### [RECORDED DATA]
==*==

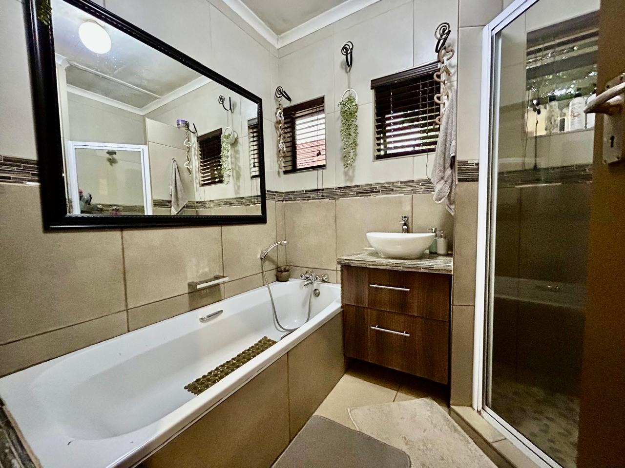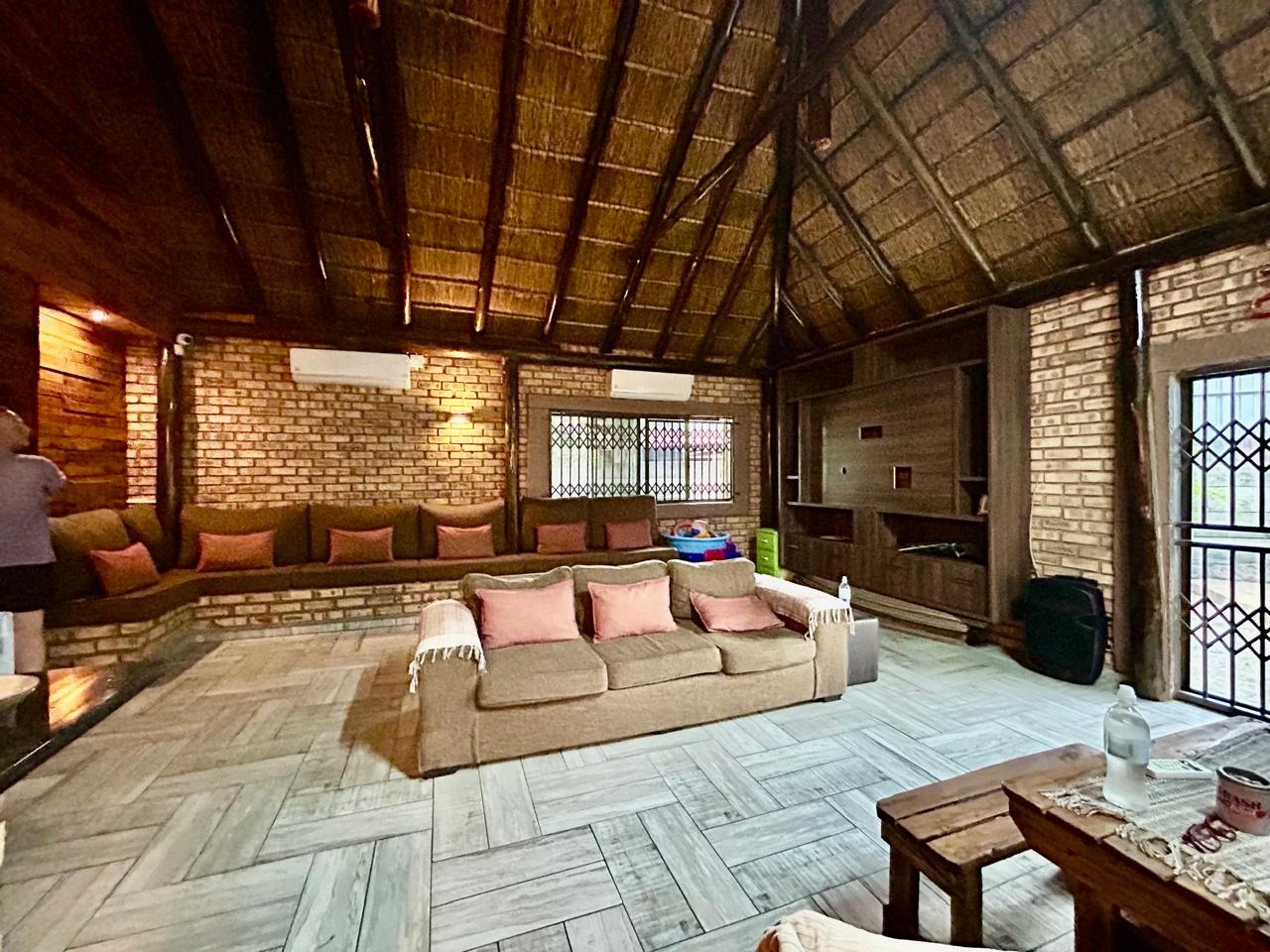 A standout feature is the very spacious entertainment area, fully fitted with a bar, built-in braai, and gas hob, opening seamlessly onto the swimming pool. The outdoor boma creates the ideal setting for relaxed gatherings and memorable evenings with family and friends.
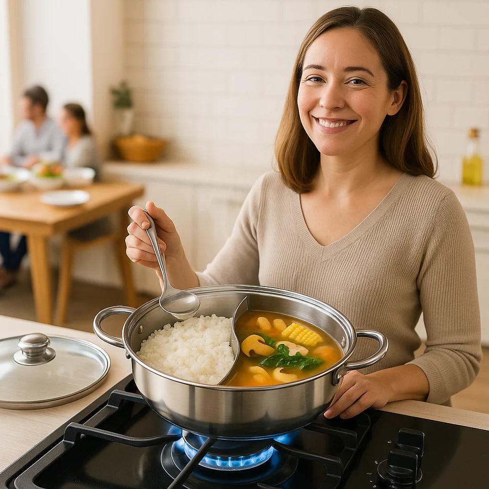 Es acero inoxidable (no antiadherente). Úsala para preparaciones líquidas (caldos, sopas, ramen, fondue). Cocina a fuego medio, con líquido suficiente y mezcla de vez en cuando.
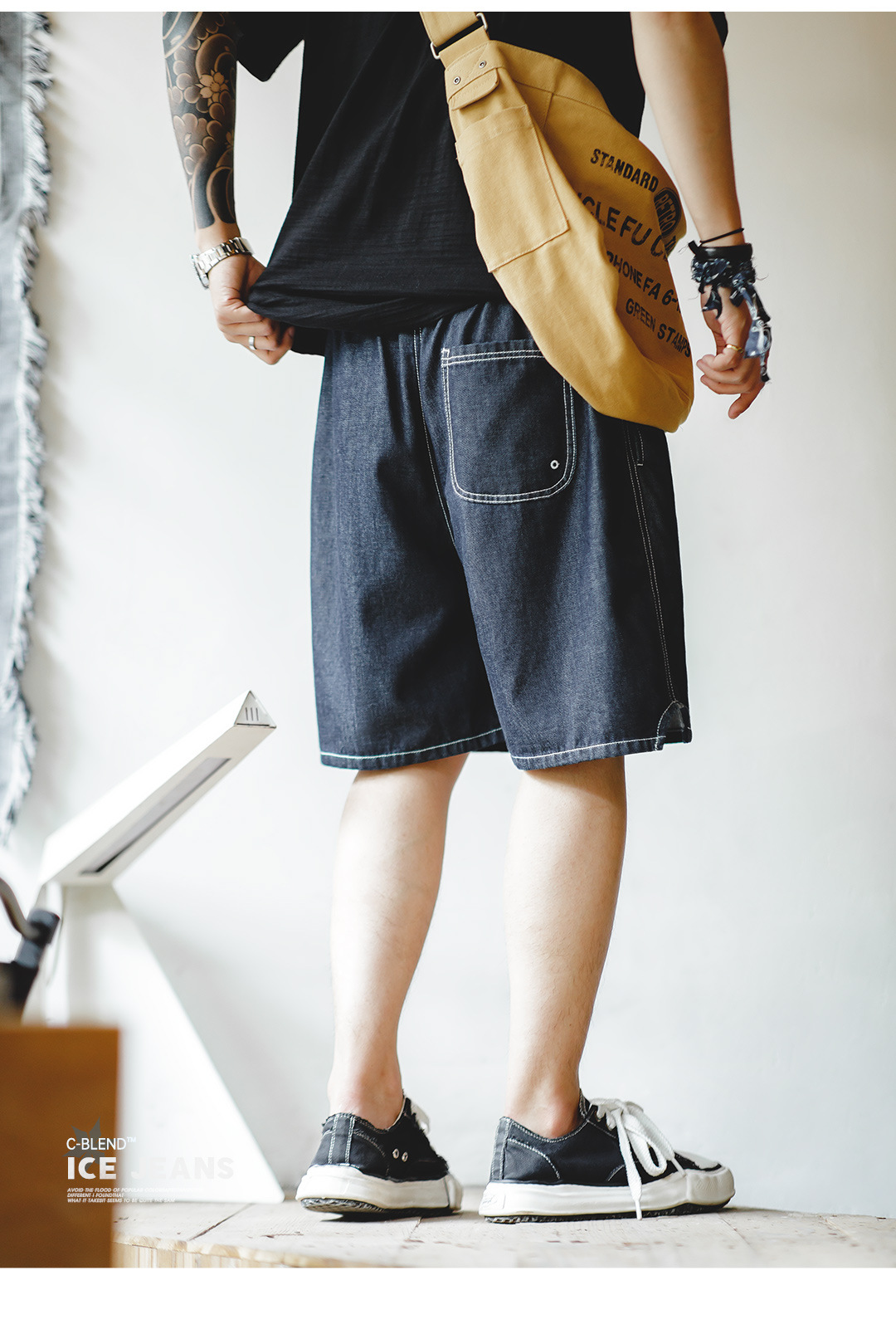 馬登工裝 美式休閒冰皮牛仔短褲丹寧涼感五分褲寬鬆直筒半褲

==*==

### [EXERCISE INSTRUCTIONS]
Output the material above exactly, without pictures.

### [SOLUTION BELOW]
 A standout feature is the very spacious entertainment area, fully fitted with a bar, built-in braai, and gas hob, opening seamlessly onto the swimming pool. The outdoor boma creates the ideal setting for relaxed gatherings and memorable evenings with family and friends.
 Es acero inoxidable (no antiadherente). Úsala para preparaciones líquidas (caldos, sopas, ramen, fondue). Cocina a fuego medio, con líquido suficiente y mezcla de vez en cuando.
 馬登工裝 美式休閒冰皮牛仔短褲丹寧涼感五分褲寬鬆直筒半褲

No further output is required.